# Exercise requirements
The answer is to be the data that follows, transcribed exactly, minus its pictures.

# Given information
━━━━━━

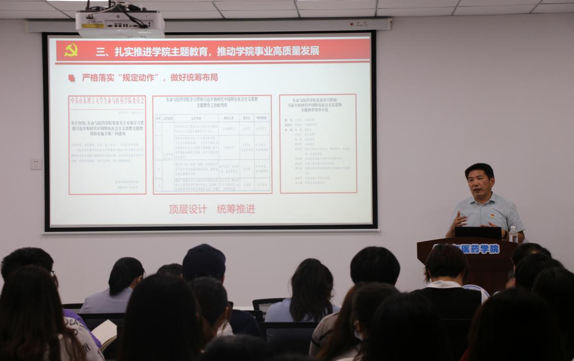 王光坊强调,今年是公司“开拓进取年”,也是公司事业高质量发展的关键时期。对于下一步如何做好结合文章,扎实推进公司主题教育。他提出5点要求,一是理论学习要走深一步,学深一层。要结合党员轮训计划,围绕主题教育内容,组织举办党支部书记、委员培训班,录制主题教育微党课,组织党员赴党性教育基地接受党性党风教育。二是调查研究要精准施策,逐项落实。要对照清单内容,建立完善调查研究监督反馈机制,以问题为导向,强化过程性评价,确保难题破解和高质量发展实效。三是重点工作要紧密结合,狠抓落实。要对标公司重点核心工作,紧盯博士点申报、学科科研、人才队伍建设等,深入贯彻落实教职工能力提升攻坚行动,明确工作责任,强化工作落实。四是检视整改要抓严抓实,真改实改。要广开渠道,充分听取师生员工反映的突出问题,系统梳理,形成问题清单,制定整改台账,实行销号管理,把整改落实情况作为检验工作成效的重要标准。五是建章立制要长期保效,一以贯之。要持续推进制度完善,通过制度体系建设,不断强化公司党委、党支部的主体责任,建立巩固深化主题教育成果和推进公司事业高质量发展的长效机制。公司全体师生要认真落实主题教育“学思想、强党性、重实践、建新功”总要求,坚持深学细悟,做好结合文章,以高质量党建引领公司事业高质量发展,努力推动建设特色强院、温馨家园,为公司高水平大学建设贡献力量!
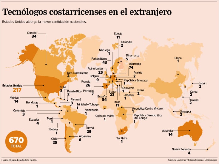 Estados Unidos es el país que más alberga costarricenses, según Hipatia son 217, seguido por Alemania (74) y España (54).
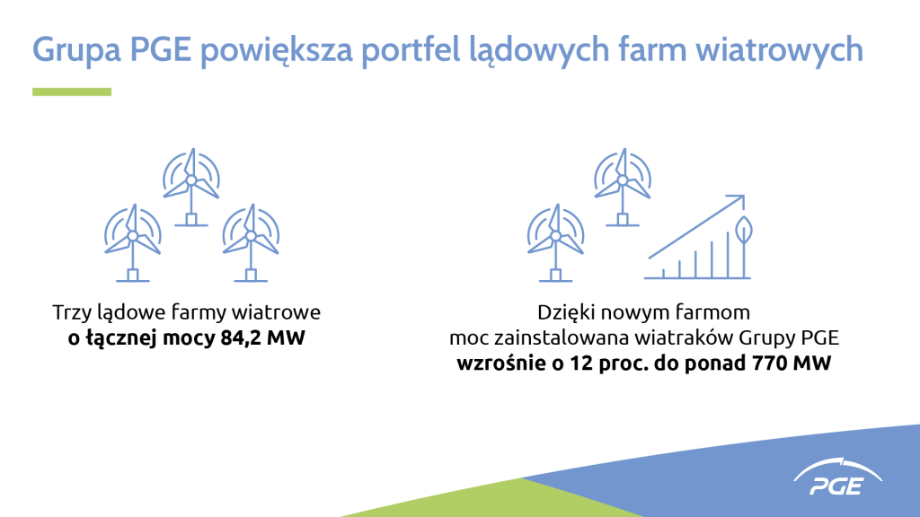 Grupa PGE umacnia się na pozycji lidera energetyki odnawialnej w Polsce. PGE podpisała umowę warunkową na nabycie trzech lądowych farm wiatrowych o łącznej mocy 84,2 MW. Po finalizacji transakcji moc zainstalowana Grupy PGE w tej technologii wzrośnie o 12 proc. do ponad 770 MW.
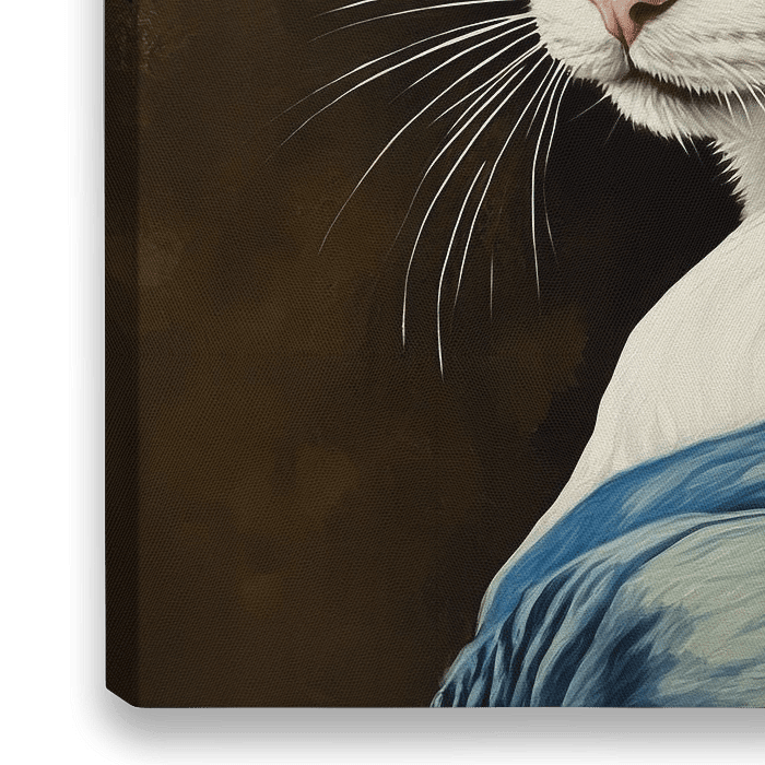 Dieses humorvolle Ölgemälde ist eine skurrile Variante von Vermeers Das Mädchen mit dem Perlenohrring und ersetzt das Gesicht des Mädchens durch das eines ausdrucksstarken Corgis. Die weiße Katze mit den kultigen Ohren und dem verspielten Grinsen trägt das bekannte Kopftuch und den übergroßen Perlenohrring und verbindet klassische…

━━━━━━

# Response area
 王光坊强调,今年是公司“开拓进取年”,也是公司事业高质量发展的关键时期。对于下一步如何做好结合文章,扎实推进公司主题教育。他提出5点要求,一是理论学习要走深一步,学深一层。要结合党员轮训计划,围绕主题教育内容,组织举办党支部书记、委员培训班,录制主题教育微党课,组织党员赴党性教育基地接受党性党风教育。二是调查研究要精准施策,逐项落实。要对照清单内容,建立完善调查研究监督反馈机制,以问题为导向,强化过程性评价,确保难题破解和高质量发展实效。三是重点工作要紧密结合,狠抓落实。要对标公司重点核心工作,紧盯博士点申报、学科科研、人才队伍建设等,深入贯彻落实教职工能力提升攻坚行动,明确工作责任,强化工作落实。四是检视整改要抓严抓实,真改实改。要广开渠道,充分听取师生员工反映的突出问题,系统梳理,形成问题清单,制定整改台账,实行销号管理,把整改落实情况作为检验工作成效的重要标准。五是建章立制要长期保效,一以贯之。要持续推进制度完善,通过制度体系建设,不断强化公司党委、党支部的主体责任,建立巩固深化主题教育成果和推进公司事业高质量发展的长效机制。公司全体师生要认真落实主题教育“学思想、强党性、重实践、建新功”总要求,坚持深学细悟,做好结合文章,以高质量党建引领公司事业高质量发展,努力推动建设特色强院、温馨家园,为公司高水平大学建设贡献力量!
 Estados Unidos es el país que más alberga costarricenses, según Hipatia son 217, seguido por Alemania (74) y España (54).
 Grupa PGE umacnia się na pozycji lidera energetyki odnawialnej w Polsce. PGE podpisała umowę warunkową na nabycie trzech lądowych farm wiatrowych o łącznej mocy 84,2 MW. Po finalizacji transakcji moc zainstalowana Grupy PGE w tej technologii wzrośnie o 12 proc. do ponad 770 MW.
 Dieses humorvolle Ölgemälde ist eine skurrile Variante von Vermeers Das Mädchen mit dem Perlenohrring und ersetzt das Gesicht des Mädchens durch das eines ausdrucksstarken Corgis. Die weiße Katze mit den kultigen Ohren und dem verspielten Grinsen trägt das bekannte Kopftuch und den übergroßen Perlenohrring und verbindet klassische…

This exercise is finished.